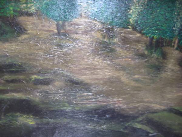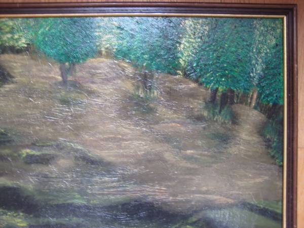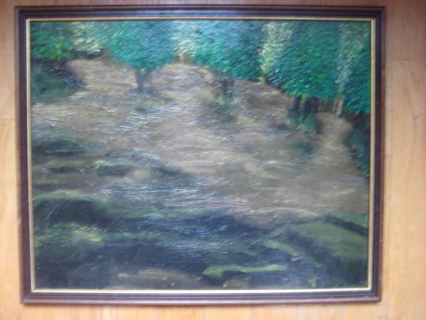 AMAZING OIL PAINTING BY FAMOUS MUSICIAN AND ARTIST GEORGE KAYATTA; SIGNED AND TITLED ON THE BACK "ROCK PARK"; OIL ON BOARD; SIZE: 19 X 23 INCHES; SIZE (FRAMED): 20 X 25 INCHES; VERY TALENTED ARTWORK...
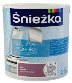 Śnieżka Kuchnia-łazienka dostępna jest w nowoczesnym opakowaniu, w dwóch rodzajach wykończenia powłoki: matowym z paletą 13 kolorów i satynowym – 9 kolorów. Dzięki temu, każdy z nas znajdzie kolor i rodzaj wykończenia odpowiedni do swojego wnętrza.
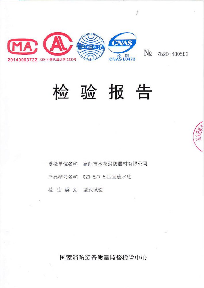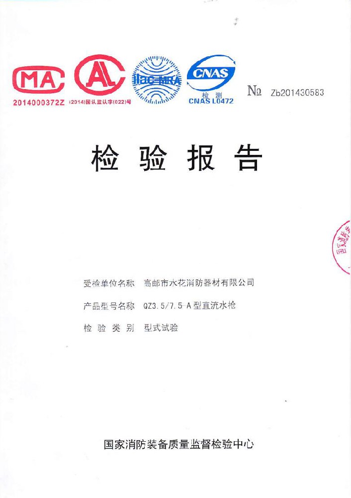 I plant was founded in June 1976, the existing staff of 600 people,including all kinds of technical and management staff of 68 people.With 50 millon yuan in fixed assets,covers an area of over 35,000 square meters,construction area of over 25,000 square meters.The establishment of a sound quality system. made a variety of "measurement of qualified certification",and become Jiangsu and more provinces of the fire association member units.Factory strong technical force,production and testing equipment,advanced technology.Production "water flower"brand water with intertace:KDK65,KD65,KY65,KN65.Fire water gun:QZG3.5/7.5,QZ3.5/7.5,QP8/0.7Z foam water gun.Indoor fire hydrant:SN65,SNW65-1,SNZ65,SNZW65-1.Fire hose reel JPS0.8-19/25.Production of "postal" card,fire with lining water:65-8,10,13.16,20,25 type;80-16,20,25 type.Water interface:KD50,65;KY50,65;KN65.Fire water gun:QZ3.5/7.5.5.Indoor fire hydrant:SN65,SNW65-1,SNZ65,SNZW65-I.And in May 2015 through the Ministry of Public Security Fire Product Conformity Assessment Center 3C version of the inspection access to all of the above products,mandatory certification,to allow the production and marketing,product marketing throughout the country,praised by the majority of users.

────────

**Exercise requirements**
Give back the full listing exactly as written, only without its pictures.

**Completed exercise**
 AMAZING OIL PAINTING BY FAMOUS MUSICIAN AND ARTIST GEORGE KAYATTA; SIGNED AND TITLED ON THE BACK "ROCK PARK"; OIL ON BOARD; SIZE: 19 X 23 INCHES; SIZE (FRAMED): 20 X 25 INCHES; VERY TALENTED ARTWORK...
 Śnieżka Kuchnia-łazienka dostępna jest w nowoczesnym opakowaniu, w dwóch rodzajach wykończenia powłoki: matowym z paletą 13 kolorów i satynowym – 9 kolorów. Dzięki temu, każdy z nas znajdzie kolor i rodzaj wykończenia odpowiedni do swojego wnętrza.
 I plant was founded in June 1976, the existing staff of 600 people,including all kinds of technical and management staff of 68 people.With 50 millon yuan in fixed assets,covers an area of over 35,000 square meters,construction area of over 25,000 square meters.The establishment of a sound quality system. made a variety of "measurement of qualified certification",and become Jiangsu and more provinces of the fire association member units.Factory strong technical force,production and testing equipment,advanced technology.Production "water flower"brand water with intertace:KDK65,KD65,KY65,KN65.Fire water gun:QZG3.5/7.5,QZ3.5/7.5,QP8/0.7Z foam water gun.Indoor fire hydrant:SN65,SNW65-1,SNZ65,SNZW65-1.Fire hose reel JPS0.8-19/25.Production of "postal" card,fire with lining water:65-8,10,13.16,20,25 type;80-16,20,25 type.Water interface:KD50,65;KY50,65;KN65.Fire water gun:QZ3.5/7.5.5.Indoor fire hydrant:SN65,SNW65-1,SNZ65,SNZW65-I.And in May 2015 through the Ministry of Public Security Fire Product Conformity Assessment Center 3C version of the inspection access to all of the above products,mandatory certification,to allow the production and marketing,product marketing throughout the country,praised by the majority of users.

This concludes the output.